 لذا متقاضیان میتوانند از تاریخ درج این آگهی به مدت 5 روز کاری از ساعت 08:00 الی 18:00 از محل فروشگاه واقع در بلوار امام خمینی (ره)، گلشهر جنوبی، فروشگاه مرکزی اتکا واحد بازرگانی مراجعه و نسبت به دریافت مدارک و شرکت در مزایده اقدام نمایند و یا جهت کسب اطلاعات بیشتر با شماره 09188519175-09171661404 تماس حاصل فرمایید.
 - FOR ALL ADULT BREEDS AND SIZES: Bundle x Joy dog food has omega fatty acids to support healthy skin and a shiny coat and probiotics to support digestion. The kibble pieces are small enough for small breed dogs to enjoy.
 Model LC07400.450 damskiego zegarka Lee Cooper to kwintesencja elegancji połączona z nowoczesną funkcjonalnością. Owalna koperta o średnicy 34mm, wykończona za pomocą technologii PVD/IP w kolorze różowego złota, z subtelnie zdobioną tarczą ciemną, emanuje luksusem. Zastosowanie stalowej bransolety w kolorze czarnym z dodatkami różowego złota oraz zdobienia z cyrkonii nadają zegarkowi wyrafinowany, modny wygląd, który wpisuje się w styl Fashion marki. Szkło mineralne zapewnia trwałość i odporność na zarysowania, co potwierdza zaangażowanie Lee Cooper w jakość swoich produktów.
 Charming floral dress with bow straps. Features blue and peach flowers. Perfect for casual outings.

______________________________

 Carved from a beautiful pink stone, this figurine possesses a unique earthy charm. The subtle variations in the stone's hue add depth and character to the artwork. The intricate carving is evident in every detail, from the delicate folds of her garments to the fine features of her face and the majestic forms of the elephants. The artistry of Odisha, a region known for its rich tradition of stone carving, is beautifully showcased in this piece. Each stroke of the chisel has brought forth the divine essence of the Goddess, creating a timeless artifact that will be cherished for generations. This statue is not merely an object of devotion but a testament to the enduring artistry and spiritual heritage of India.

______________________________

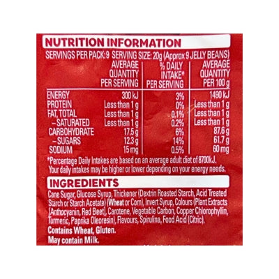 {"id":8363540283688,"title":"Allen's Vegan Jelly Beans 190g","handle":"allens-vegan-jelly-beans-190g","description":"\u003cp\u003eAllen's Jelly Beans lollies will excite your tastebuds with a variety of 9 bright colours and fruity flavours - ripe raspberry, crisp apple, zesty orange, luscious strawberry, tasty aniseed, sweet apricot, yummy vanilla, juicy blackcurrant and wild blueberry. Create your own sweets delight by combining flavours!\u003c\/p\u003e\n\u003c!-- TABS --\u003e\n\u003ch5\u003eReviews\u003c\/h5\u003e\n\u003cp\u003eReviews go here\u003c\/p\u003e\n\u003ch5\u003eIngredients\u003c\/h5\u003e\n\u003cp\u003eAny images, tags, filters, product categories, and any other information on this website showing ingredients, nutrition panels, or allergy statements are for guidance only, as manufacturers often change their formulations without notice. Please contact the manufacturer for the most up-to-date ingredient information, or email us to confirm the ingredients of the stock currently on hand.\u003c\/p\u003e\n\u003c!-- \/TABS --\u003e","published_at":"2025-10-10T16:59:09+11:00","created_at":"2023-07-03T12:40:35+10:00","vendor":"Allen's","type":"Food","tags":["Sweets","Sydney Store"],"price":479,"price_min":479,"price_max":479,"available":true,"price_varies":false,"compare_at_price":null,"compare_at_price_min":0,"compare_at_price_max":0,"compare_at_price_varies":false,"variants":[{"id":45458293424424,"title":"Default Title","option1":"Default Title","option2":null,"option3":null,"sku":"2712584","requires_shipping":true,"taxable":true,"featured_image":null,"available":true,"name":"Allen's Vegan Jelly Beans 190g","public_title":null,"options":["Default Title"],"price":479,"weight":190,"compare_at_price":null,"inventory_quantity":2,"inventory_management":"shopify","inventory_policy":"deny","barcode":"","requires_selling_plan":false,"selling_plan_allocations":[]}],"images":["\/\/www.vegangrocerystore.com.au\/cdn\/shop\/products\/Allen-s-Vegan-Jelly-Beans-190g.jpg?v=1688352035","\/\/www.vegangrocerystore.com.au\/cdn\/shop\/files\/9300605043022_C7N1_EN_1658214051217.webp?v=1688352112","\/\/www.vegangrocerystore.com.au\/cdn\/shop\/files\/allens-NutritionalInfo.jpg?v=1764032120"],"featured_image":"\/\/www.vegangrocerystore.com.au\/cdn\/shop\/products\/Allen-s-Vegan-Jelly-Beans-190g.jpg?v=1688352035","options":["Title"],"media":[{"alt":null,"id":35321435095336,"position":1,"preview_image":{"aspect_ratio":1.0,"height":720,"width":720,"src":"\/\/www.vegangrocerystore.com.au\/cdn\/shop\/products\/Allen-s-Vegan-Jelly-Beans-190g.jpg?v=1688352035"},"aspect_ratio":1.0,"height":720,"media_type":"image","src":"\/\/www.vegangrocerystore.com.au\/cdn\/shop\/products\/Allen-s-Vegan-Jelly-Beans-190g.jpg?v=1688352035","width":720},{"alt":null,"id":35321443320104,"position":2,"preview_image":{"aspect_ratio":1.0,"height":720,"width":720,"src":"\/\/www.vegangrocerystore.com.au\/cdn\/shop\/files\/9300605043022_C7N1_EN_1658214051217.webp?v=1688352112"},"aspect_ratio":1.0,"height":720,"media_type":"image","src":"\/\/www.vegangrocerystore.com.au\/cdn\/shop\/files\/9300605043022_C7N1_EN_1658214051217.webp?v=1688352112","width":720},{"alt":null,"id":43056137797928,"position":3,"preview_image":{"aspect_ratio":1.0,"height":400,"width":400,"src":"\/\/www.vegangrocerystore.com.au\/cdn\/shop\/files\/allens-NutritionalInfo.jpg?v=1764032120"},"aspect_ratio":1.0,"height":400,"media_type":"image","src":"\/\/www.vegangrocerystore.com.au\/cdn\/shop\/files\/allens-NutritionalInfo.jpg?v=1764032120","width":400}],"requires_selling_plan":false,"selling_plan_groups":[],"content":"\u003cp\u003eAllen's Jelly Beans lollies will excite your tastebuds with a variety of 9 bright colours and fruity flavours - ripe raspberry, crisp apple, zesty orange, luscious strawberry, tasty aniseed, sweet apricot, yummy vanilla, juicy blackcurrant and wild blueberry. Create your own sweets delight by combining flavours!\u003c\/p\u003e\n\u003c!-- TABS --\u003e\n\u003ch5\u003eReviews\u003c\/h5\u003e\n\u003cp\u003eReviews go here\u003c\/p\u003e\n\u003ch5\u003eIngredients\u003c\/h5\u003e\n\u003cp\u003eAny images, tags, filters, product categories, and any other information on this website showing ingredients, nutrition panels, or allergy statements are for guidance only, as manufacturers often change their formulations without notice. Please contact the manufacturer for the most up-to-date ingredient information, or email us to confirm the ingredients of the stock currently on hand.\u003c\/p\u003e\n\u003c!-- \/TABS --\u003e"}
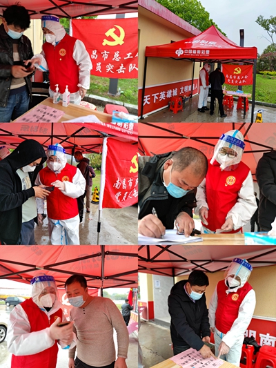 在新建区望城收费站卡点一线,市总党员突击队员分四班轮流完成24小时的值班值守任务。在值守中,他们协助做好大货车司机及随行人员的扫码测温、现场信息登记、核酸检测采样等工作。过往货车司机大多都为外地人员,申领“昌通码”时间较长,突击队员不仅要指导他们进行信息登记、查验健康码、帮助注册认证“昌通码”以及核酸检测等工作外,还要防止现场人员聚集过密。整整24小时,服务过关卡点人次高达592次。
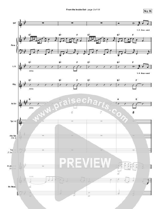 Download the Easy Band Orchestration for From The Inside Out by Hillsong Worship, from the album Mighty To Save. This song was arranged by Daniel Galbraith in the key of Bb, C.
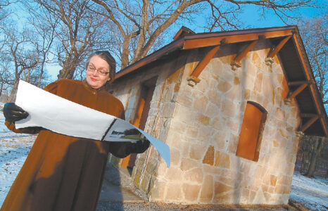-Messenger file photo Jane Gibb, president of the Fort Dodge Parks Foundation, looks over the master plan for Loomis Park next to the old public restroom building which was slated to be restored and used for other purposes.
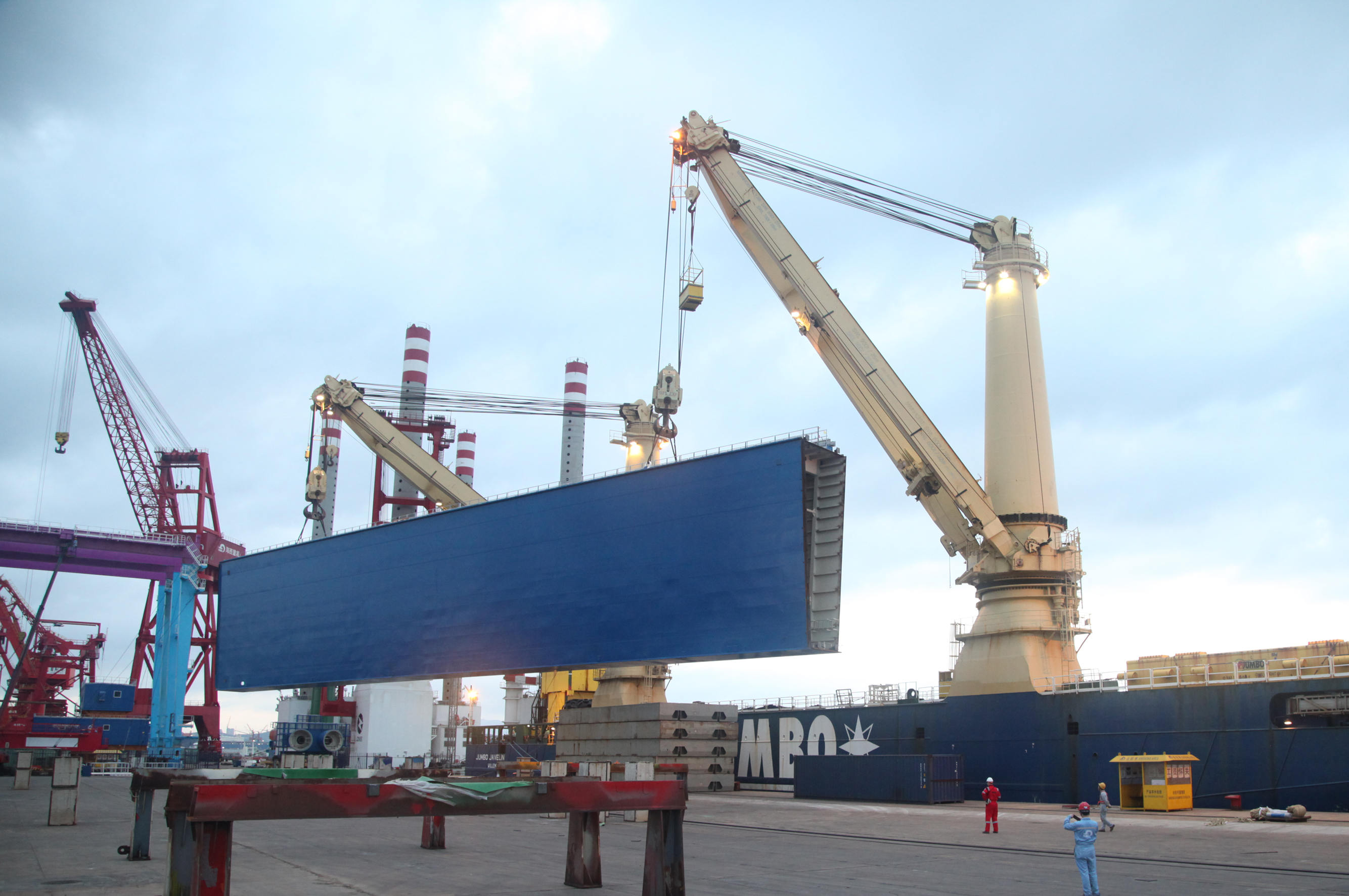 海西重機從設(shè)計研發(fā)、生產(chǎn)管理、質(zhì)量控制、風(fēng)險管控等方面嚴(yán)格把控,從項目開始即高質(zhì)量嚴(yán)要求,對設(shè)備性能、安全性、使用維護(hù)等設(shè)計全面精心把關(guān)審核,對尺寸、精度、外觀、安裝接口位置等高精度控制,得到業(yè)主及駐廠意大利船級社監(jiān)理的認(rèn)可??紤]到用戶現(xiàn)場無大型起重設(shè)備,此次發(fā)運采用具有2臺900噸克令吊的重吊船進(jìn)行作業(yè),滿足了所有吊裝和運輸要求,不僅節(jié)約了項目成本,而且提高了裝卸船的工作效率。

______________________________

**About this task:** Reproduce exactly the lines above from the line with "لذا متقاضیان میتوانند" to the line with "Charming floral dress", including both, and add nothing.

**Solution to this task:**
 لذا متقاضیان میتوانند از تاریخ درج این آگهی به مدت 5 روز کاری از ساعت 08:00 الی 18:00 از محل فروشگاه واقع در بلوار امام خمینی (ره)، گلشهر جنوبی، فروشگاه مرکزی اتکا واحد بازرگانی مراجعه و نسبت به دریافت مدارک و شرکت در مزایده اقدام نمایند و یا جهت کسب اطلاعات بیشتر با شماره 09188519175-09171661404 تماس حاصل فرمایید.
 - FOR ALL ADULT BREEDS AND SIZES: Bundle x Joy dog food has omega fatty acids to support healthy skin and a shiny coat and probiotics to support digestion. The kibble pieces are small enough for small breed dogs to enjoy.
 Model LC07400.450 damskiego zegarka Lee Cooper to kwintesencja elegancji połączona z nowoczesną funkcjonalnością. Owalna koperta o średnicy 34mm, wykończona za pomocą technologii PVD/IP w kolorze różowego złota, z subtelnie zdobioną tarczą ciemną, emanuje luksusem. Zastosowanie stalowej bransolety w kolorze czarnym z dodatkami różowego złota oraz zdobienia z cyrkonii nadają zegarkowi wyrafinowany, modny wygląd, który wpisuje się w styl Fashion marki. Szkło mineralne zapewnia trwałość i odporność na zarysowania, co potwierdza zaangażowanie Lee Cooper w jakość swoich produktów.
 Charming floral dress with bow straps. Features blue and peach flowers. Perfect for casual outings.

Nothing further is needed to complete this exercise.